问题描述:

I have a collection of `java.awt.Shape`

objects covering a two-dimensional plane with no overlap. These are from a data set of U.S. Counties, at a fairly low resolution. For an (x,y) latitude/longitude point, I want a quick way to identify the shape which county contains that point. What's an optimal way to index this?

Brute force would look like:

`for (Shape eachShape : countyShapes) {`

if (eachShape.contains(x, y)) {

return eachShape;

}

}

To optimize this, I can store the min/max bounds of the (possibly complex) shapes, and only call `contains(x, y)`

on shapes whose rectangular bounds encompass a given x,y coordinate. What's the best way to build this index? A SortedMultiset would work for indexing on the `x`

minima and maxima, but how to also include the `y`

coordinates in the index?

For this specific implementation, doing a few seconds of up-front work to index the shapes is not a problem.

If possible you could try a bitmap with each shape in a different color. Then simply query the point and the color and lookup the shape.
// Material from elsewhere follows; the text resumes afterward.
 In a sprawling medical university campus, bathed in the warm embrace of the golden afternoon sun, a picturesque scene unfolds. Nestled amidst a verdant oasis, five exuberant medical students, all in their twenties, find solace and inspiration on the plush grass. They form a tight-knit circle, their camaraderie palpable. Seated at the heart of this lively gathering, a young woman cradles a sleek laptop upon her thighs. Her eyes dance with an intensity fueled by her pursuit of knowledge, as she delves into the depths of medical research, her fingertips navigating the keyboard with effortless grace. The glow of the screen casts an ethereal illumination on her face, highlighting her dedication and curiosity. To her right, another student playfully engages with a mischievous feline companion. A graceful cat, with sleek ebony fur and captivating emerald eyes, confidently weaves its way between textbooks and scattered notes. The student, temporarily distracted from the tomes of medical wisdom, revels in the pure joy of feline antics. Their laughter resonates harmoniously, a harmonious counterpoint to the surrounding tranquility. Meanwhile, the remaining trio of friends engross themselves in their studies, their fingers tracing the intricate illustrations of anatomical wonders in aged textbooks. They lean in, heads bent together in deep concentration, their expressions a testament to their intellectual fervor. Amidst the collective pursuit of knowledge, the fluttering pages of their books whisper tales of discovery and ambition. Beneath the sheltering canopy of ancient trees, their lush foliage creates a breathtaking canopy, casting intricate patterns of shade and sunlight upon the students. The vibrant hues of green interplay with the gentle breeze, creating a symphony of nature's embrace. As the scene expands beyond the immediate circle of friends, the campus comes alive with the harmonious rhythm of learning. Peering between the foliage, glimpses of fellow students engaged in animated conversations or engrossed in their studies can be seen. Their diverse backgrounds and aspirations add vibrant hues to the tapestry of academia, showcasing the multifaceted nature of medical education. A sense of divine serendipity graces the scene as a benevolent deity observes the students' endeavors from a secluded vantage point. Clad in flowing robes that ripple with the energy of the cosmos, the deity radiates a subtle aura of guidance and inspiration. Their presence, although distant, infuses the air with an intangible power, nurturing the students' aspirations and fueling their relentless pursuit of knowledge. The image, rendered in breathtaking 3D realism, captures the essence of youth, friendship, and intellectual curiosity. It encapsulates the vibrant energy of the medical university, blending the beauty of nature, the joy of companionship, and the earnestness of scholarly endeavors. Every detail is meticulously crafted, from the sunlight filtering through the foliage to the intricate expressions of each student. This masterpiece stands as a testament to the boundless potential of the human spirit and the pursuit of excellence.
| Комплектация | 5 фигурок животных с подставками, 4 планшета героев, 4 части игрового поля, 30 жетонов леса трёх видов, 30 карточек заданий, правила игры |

This question is outside the scope of Stackoverflow but the answer is probably Binary Space Partitioning.

Roughly:

- Divide the space in two either on the x coordinate or y coordinate using the mid-point of the range.
- Create a list of counties on the two sides of that line (and divided by that line).
- On each side of that line divide the collections again by the other dimension.
- Continue recursively building a tree dividing alternately by x and y until you reach a satisfactory set of objects to examine by brute force.

The conventional algorithm actually divides the shapes lying across the boundary but that might not be necessary here.
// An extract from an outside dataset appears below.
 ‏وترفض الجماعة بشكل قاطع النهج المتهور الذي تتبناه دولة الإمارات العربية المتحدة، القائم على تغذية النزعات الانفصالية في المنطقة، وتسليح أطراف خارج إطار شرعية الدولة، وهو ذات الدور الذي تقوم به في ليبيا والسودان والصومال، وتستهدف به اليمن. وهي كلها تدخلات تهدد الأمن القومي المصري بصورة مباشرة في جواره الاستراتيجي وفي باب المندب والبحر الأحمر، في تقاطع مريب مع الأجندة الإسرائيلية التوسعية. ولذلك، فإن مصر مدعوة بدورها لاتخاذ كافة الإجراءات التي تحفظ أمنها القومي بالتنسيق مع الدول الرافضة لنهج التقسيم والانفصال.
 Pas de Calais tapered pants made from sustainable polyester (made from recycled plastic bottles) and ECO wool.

A smart implementation might look for the most efficient line to divide on which is the one where the longest of the two lists is the smallest. That involves more up front calculation but a more efficient and consistently performing partition.

You could use an existing GIS library like GeoTools and then all the hard work is already done.
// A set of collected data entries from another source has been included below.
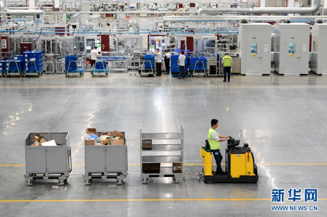 江苏太仓博泽汽车部件有限公司工作人员在生产车间运输产品(10月30日摄)。新华社记者 李博 摄
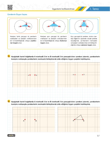kesişim noktasıyla çemberlerin merkezini birleştirerek elde ettiğiniz üçgen çeşidini belirleyiniz.
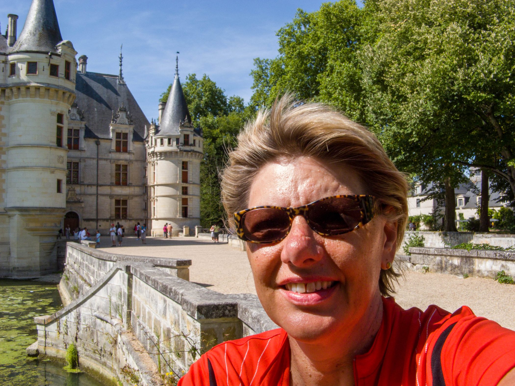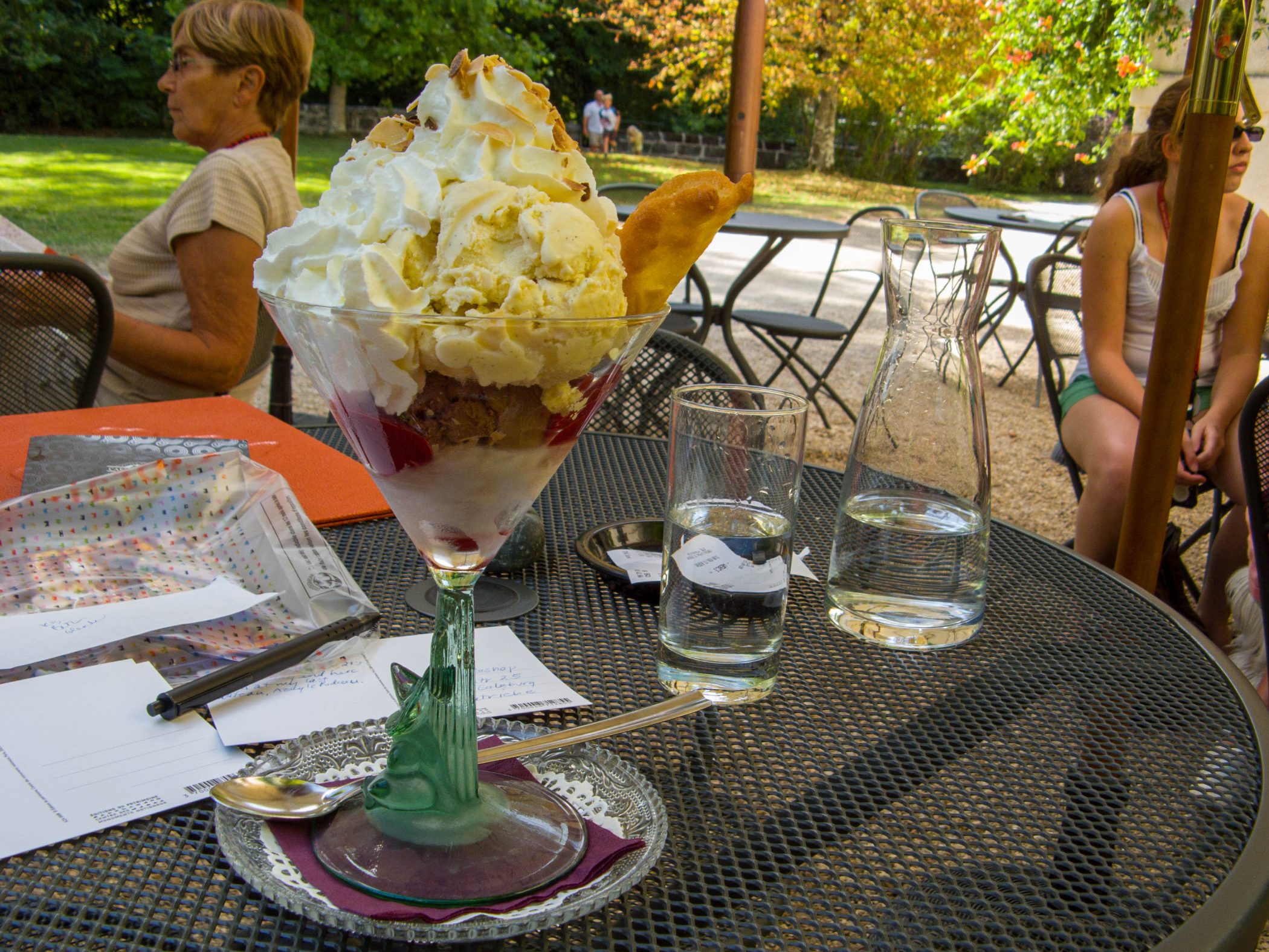 The following 18km were some of the slowest I’d ridden (1hr 20min) but they were totally lovely. The first stretch was on a levee along the Loire, with the river on the left and sweeping fields to the right. The next section went away from the Loire through farmlands and a forest of uniformly planted birch trees with wonderful light streaming through the branches. The last stretch went right along the river Indre into Azay-le-rideau. I paid the admission price to get into the grounds and stroll around but didn’t go into the chateau itself—I just wasn’t into crowds. So I celebrated my last chateau visit of the week with an ice cream creation enjoyed on the terrace facing the chateau.

Simply load your shapefile of counties and execute queries like

```
"the_geom" contains 'POINT(x y)
```

The quickstart tutorial will show you how to load the shapes, and the query tutorial will show you how to query them.

Having min an max values of coordinates of the bounds not guarantee that you can determine if one point is in or out in any situations. If you want achieve this by yourself you should implement some algorithm. There's a good one that is called "radial algorithm", I recommend that uses this, and it isn't so complicated to implement, there are sufficient bibliography and examples. Hope this help.